About this task - An exact reprint of the listing is required, with no pictures included.

Information provided -
..............................
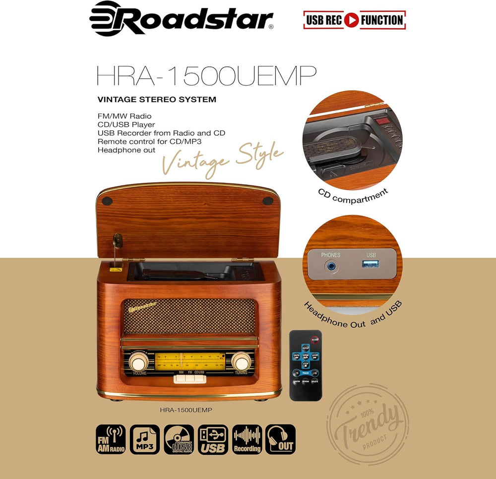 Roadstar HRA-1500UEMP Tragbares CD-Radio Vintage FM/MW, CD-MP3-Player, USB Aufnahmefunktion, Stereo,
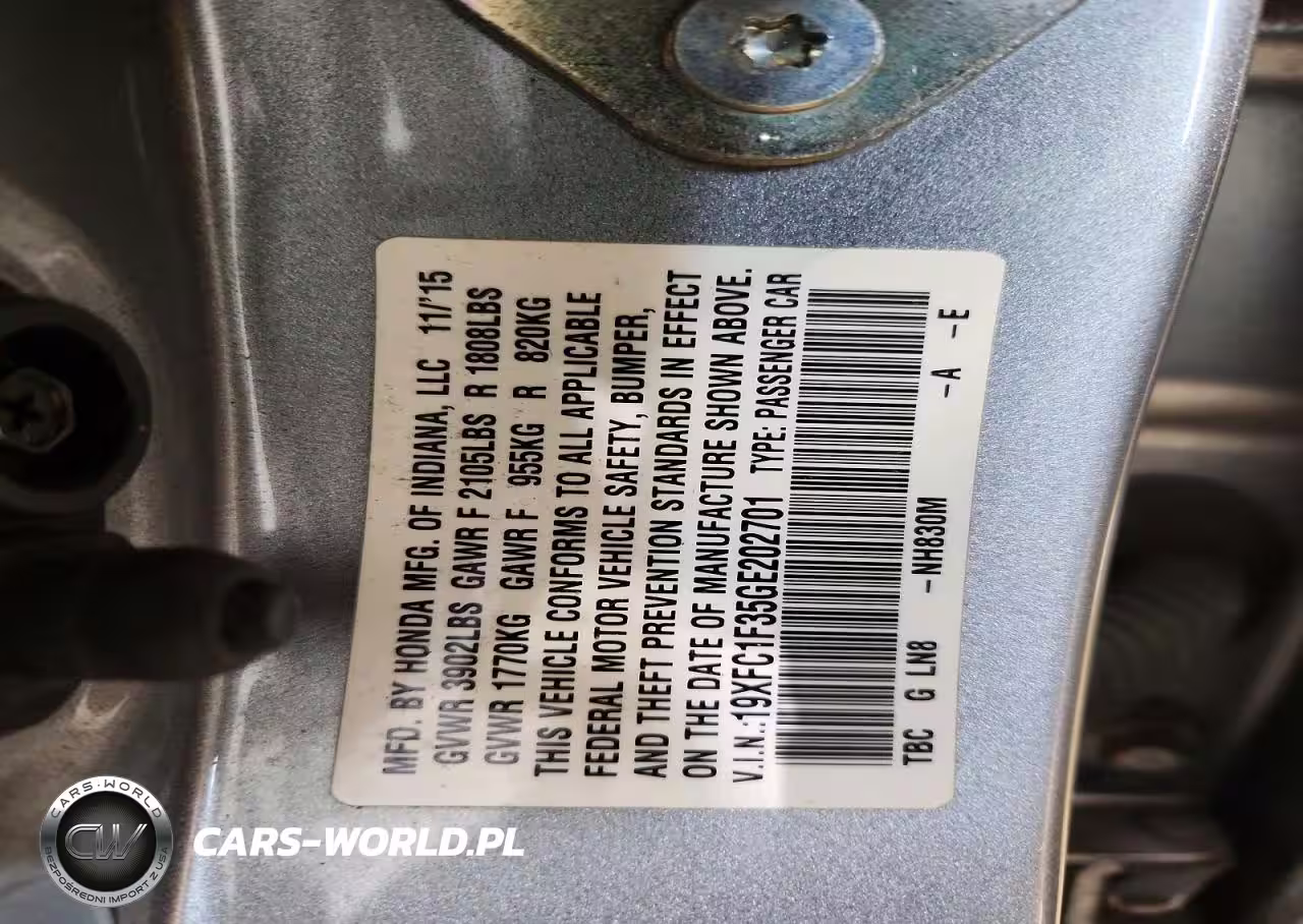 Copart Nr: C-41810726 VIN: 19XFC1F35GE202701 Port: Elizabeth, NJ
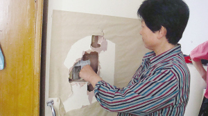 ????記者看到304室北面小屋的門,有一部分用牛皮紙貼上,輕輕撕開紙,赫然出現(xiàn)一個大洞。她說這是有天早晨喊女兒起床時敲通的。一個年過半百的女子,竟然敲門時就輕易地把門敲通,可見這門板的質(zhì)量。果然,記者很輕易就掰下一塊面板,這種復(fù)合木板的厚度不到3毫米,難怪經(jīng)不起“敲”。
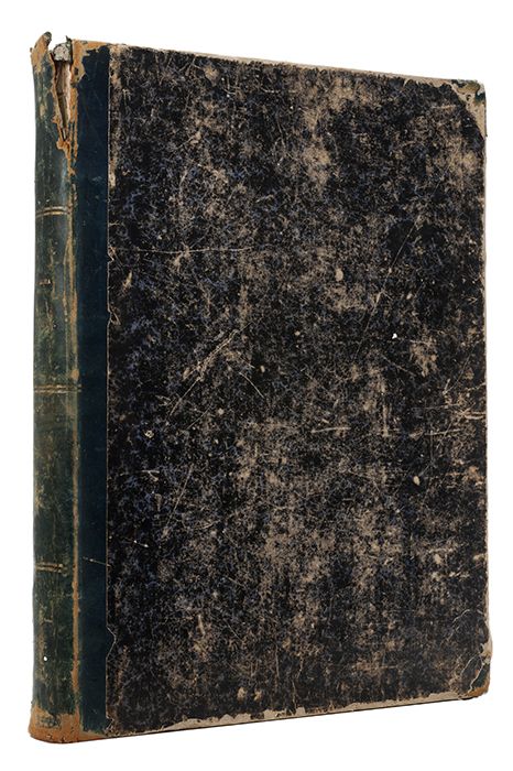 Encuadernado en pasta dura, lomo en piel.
..............................
Written response -
 Roadstar HRA-1500UEMP Tragbares CD-Radio Vintage FM/MW, CD-MP3-Player, USB Aufnahmefunktion, Stereo,
 Copart Nr: C-41810726 VIN: 19XFC1F35GE202701 Port: Elizabeth, NJ
 ????記者看到304室北面小屋的門,有一部分用牛皮紙貼上,輕輕撕開紙,赫然出現(xiàn)一個大洞。她說這是有天早晨喊女兒起床時敲通的。一個年過半百的女子,竟然敲門時就輕易地把門敲通,可見這門板的質(zhì)量。果然,記者很輕易就掰下一塊面板,這種復(fù)合木板的厚度不到3毫米,難怪經(jīng)不起“敲”。
 Encuadernado en pasta dura, lomo en piel.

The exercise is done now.